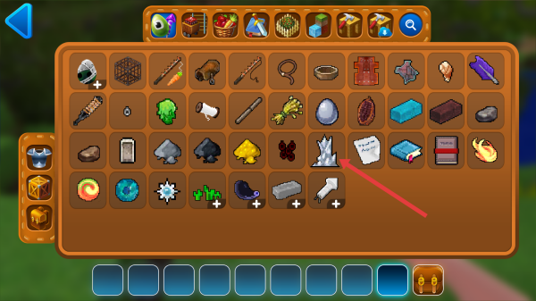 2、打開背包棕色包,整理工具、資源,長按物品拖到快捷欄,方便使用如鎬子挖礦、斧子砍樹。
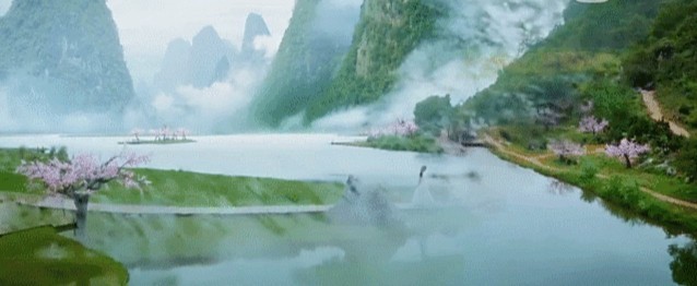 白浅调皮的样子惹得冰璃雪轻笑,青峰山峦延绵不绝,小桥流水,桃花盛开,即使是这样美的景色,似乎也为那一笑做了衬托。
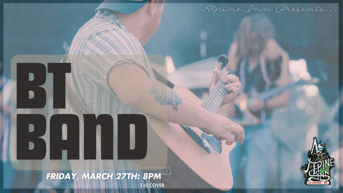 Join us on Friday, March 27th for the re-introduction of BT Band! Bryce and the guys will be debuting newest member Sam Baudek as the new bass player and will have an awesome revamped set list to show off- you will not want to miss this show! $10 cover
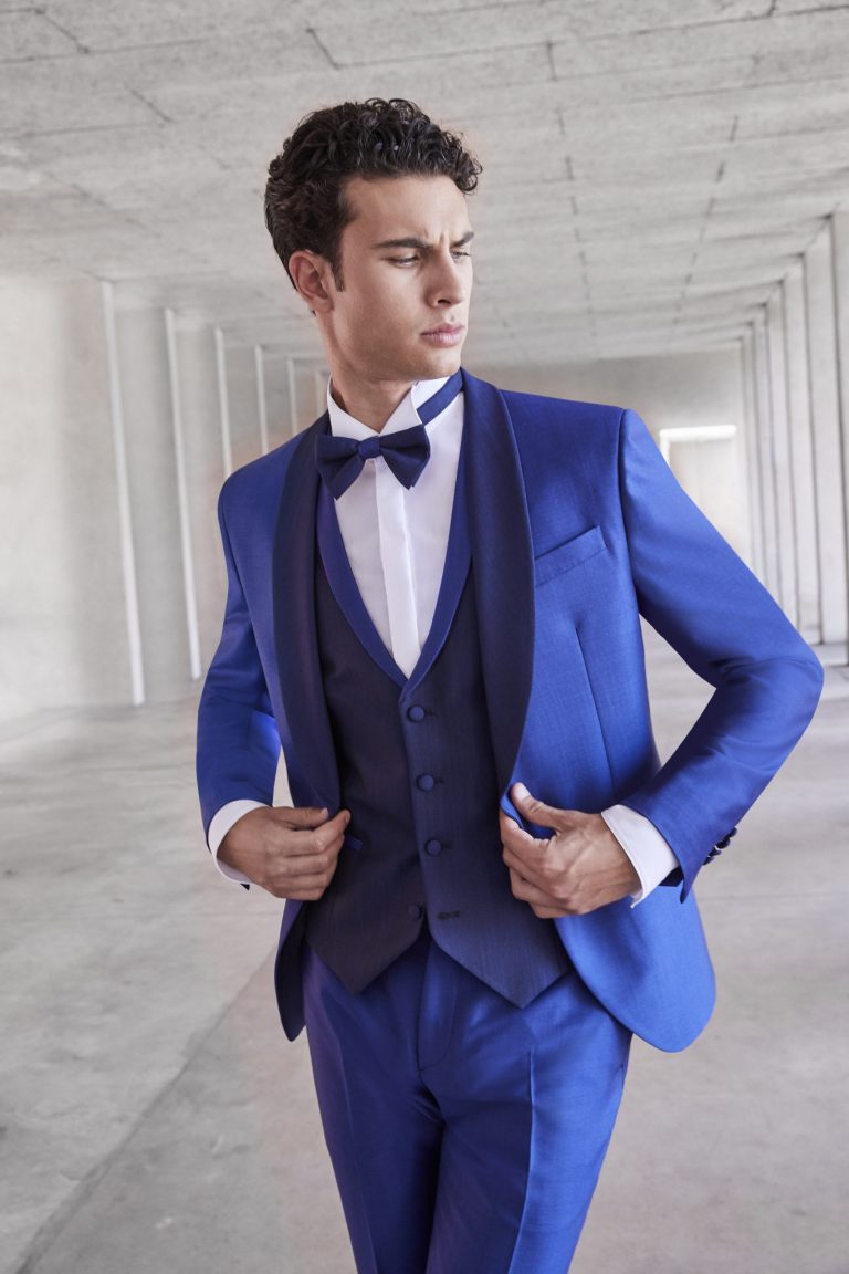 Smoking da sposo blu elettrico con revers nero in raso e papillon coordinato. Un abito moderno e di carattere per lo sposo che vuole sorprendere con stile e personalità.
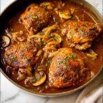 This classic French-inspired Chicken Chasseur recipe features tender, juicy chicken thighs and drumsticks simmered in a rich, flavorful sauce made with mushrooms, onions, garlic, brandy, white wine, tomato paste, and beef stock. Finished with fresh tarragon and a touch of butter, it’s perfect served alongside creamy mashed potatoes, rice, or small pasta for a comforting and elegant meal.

• Problem statement: For the material above, give every line again exactly and leave out the pictures.

• Reply to the task:
 2、打開背包棕色包,整理工具、資源,長按物品拖到快捷欄,方便使用如鎬子挖礦、斧子砍樹。
 白浅调皮的样子惹得冰璃雪轻笑,青峰山峦延绵不绝,小桥流水,桃花盛开,即使是这样美的景色,似乎也为那一笑做了衬托。
 Join us on Friday, March 27th for the re-introduction of BT Band! Bryce and the guys will be debuting newest member Sam Baudek as the new bass player and will have an awesome revamped set list to show off- you will not want to miss this show! $10 cover
 Smoking da sposo blu elettrico con revers nero in raso e papillon coordinato. Un abito moderno e di carattere per lo sposo che vuole sorprendere con stile e personalità.
 This classic French-inspired Chicken Chasseur recipe features tender, juicy chicken thighs and drumsticks simmered in a rich, flavorful sauce made with mushrooms, onions, garlic, brandy, white wine, tomato paste, and beef stock. Finished with fresh tarragon and a touch of butter, it’s perfect served alongside creamy mashed potatoes, rice, or small pasta for a comforting and elegant meal.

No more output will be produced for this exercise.